Alternative embodiments cannot however be ruled out wherein the pressure sensor 9 is arranged internally to the main channel 7. In this alternative embodiment, not shown in the figures, the connection channel 12 and the connection means 10 are arranged externally to the main channel 7 and the wall of the tubular element 2 which delimits the main channel 7 has a through hole for the insertion of the pressure sensor 9 internally to the main channel itself.

In a particular embodiment, not shown in the figures, the probe 1 comprises an additional pressure sensor associated with the tubular element 2 at the second end stretch 6 in order to detect the pressure at the delivery mouths 5.

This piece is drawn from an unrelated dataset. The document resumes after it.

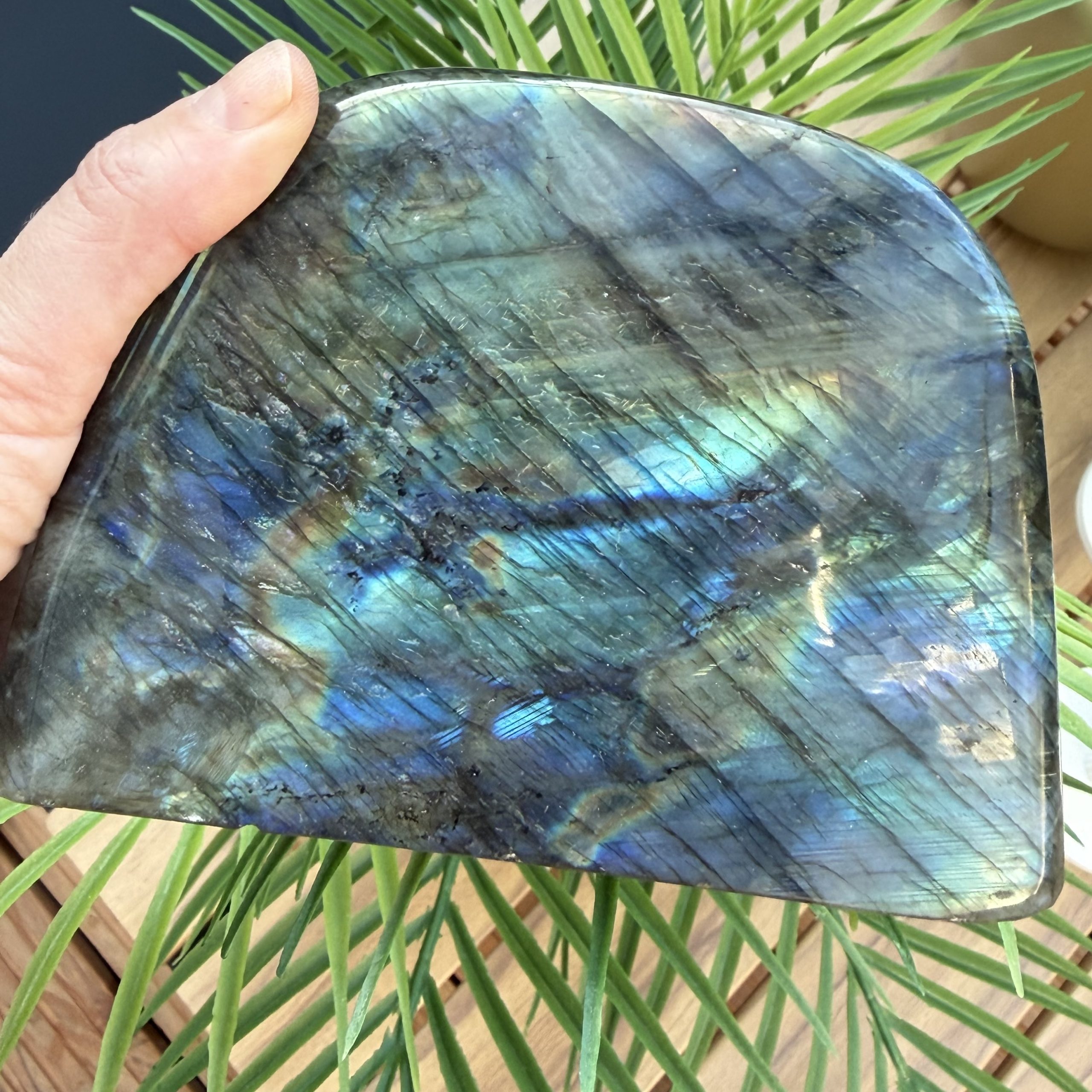 Labradoriet is een sterk beschermende en spirituele steen. Het beschermt het eigen energieveld (aura) tegen negatieve invloeden uit de omgeving en mensen die energie bij je wegnemen. De steen vermindert angst en geeft kracht, (zelf)vertrouwen en doorzettingsvermogen.

The present invention also relates to a piece of equipment, identified in Figure 4 with reference numeral 20, for the forced breathing of a patient, comprising the probe 1 according to what has been described above, assisted ventilation means 21, of the type of a lung ventilator that can be connected to the respiratory apparatus of a patient, and adapted to convey a working gas (e.g. air and oxygen or oxygen only) and at least one control and command unit 22 operatively connected to the ventilation means 21 and to the probe 1, where this control and command unit 22 is programmed to regulate the conveyed amount of working gas according to the pressure detected by the pressure sensor 9.

The control and command unit 22, of the type of an electronic control unit provided with a microprocessor, is preferably programmed to reduce the amount of the working gas delivered by the ventilation means 21 when the pressure detected by the pressure sensor 9 exceeds a predefined value.

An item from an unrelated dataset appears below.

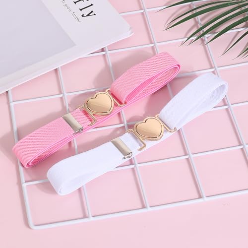• Molain 2 Pack Girls Belt for Waist Size 15-30", Kids Elastic Belt Heart-Shaped Metal Buckle Waist Belt for Girls, Elastic Stretch Belts for Kids Dress Pants Jeans(pink+white)

The operation of the present invention is as follows.

The probe 1 is inserted into the patient’s digestive system utilizing the common methods used today. Following the insertion into the patient, the pressure sensor 9 is positioned along the esophagus, thus allowing almost continuous monitoring of the pressure inside the esophagus.

The data provided by the pressure sensor 9 and read by the medical staff through the reading means 11 allow monitoring the pressure inside the esophagus in order to verify the presence of any overpressure exerted by the lungs and due to the forced ventilation applied to the patient. The pressure values“read” by the pressure sensor 9 may indicate excessive or insufficient ventilation. For example, if the detected pressure exceeds a predefined reference value, it is likely that the lung ventilator 21 connected to the patient is providing an excess of air compared to the patient’s real needs, who may then experience lung trauma. The control and command unit 22 then intervenes retroactively on the lung ventilator 21, e.g. by reducing the amount of air it introduces into the patient’s lungs.

The pressure values provided by the pressure sensor 9 also allow medical staff to understand if the probe itself has been correctly inserted into the digestive system or if it has been incorrectly introduced along the airway, so it must be extracted and perform the operation again.

It has in practice been ascertained that the described invention achieves the intended objects and, in particular, it is underlined that the probe, to which the present invention relates, allows the pressure inside the patient’s esophagus to be detected in a simple and effective way.

The probe according to the invention thus allows medical staff to identify promptly the risk of barotrauma and to regulate the forced ventilation of the patient in a practical and effective way.

In addition, the probe in question allows quickly identifying any incorrect insertion of the probe itself into the respiratory apparatus.